→ Data in this exercise

Segment Open

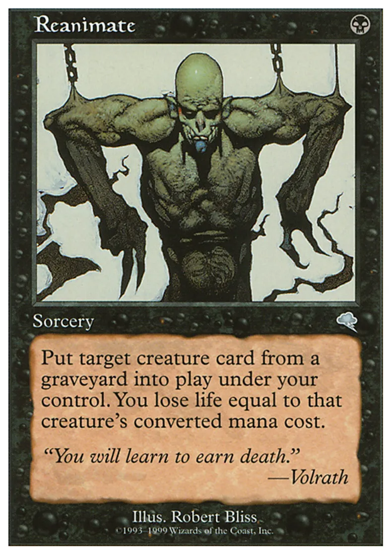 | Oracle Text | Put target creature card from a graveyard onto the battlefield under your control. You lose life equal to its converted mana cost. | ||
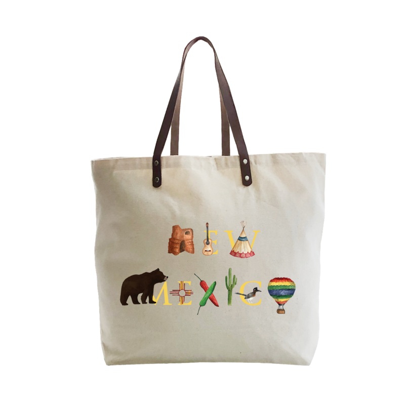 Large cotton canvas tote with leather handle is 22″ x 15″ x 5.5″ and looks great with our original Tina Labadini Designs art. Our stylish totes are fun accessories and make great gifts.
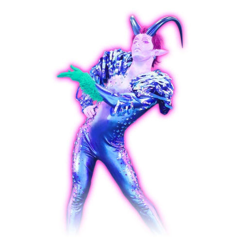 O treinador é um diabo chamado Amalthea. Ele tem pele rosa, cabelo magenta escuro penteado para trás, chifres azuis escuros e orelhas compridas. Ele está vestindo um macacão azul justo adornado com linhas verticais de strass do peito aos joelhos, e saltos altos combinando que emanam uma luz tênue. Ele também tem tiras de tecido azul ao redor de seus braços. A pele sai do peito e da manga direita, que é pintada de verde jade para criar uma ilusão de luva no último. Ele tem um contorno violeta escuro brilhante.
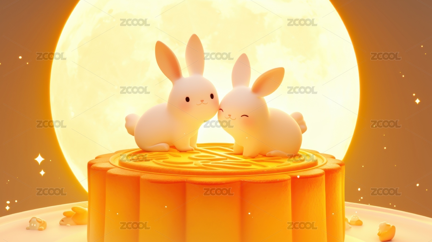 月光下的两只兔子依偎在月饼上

Segment Closed
Segment Open

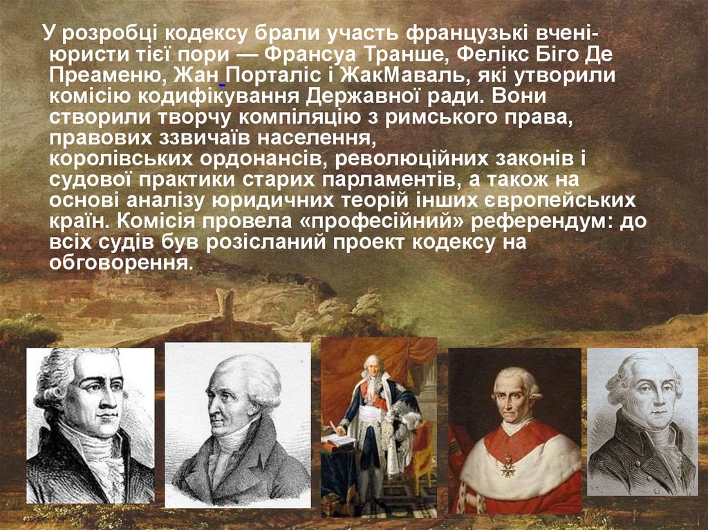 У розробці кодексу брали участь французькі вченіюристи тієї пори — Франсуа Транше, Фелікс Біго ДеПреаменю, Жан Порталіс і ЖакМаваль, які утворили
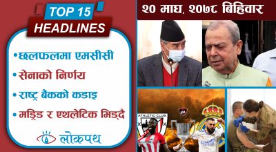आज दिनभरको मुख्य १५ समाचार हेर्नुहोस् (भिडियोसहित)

Segment Closed

→ Required action
The reply should hold the entries above from the line with "mana cost. | ||" to the line with "月光下的两只兔子依偎在月饼上", duplicated exactly, pictures excluded.

→ Exercise solution
 | Oracle Text | Put target creature card from a graveyard onto the battlefield under your control. You lose life equal to its converted mana cost. | ||
 Large cotton canvas tote with leather handle is 22″ x 15″ x 5.5″ and looks great with our original Tina Labadini Designs art. Our stylish totes are fun accessories and make great gifts.
 O treinador é um diabo chamado Amalthea. Ele tem pele rosa, cabelo magenta escuro penteado para trás, chifres azuis escuros e orelhas compridas. Ele está vestindo um macacão azul justo adornado com linhas verticais de strass do peito aos joelhos, e saltos altos combinando que emanam uma luz tênue. Ele também tem tiras de tecido azul ao redor de seus braços. A pele sai do peito e da manga direita, que é pintada de verde jade para criar uma ilusão de luva no último. Ele tem um contorno violeta escuro brilhante.
 月光下的两只兔子依偎在月饼上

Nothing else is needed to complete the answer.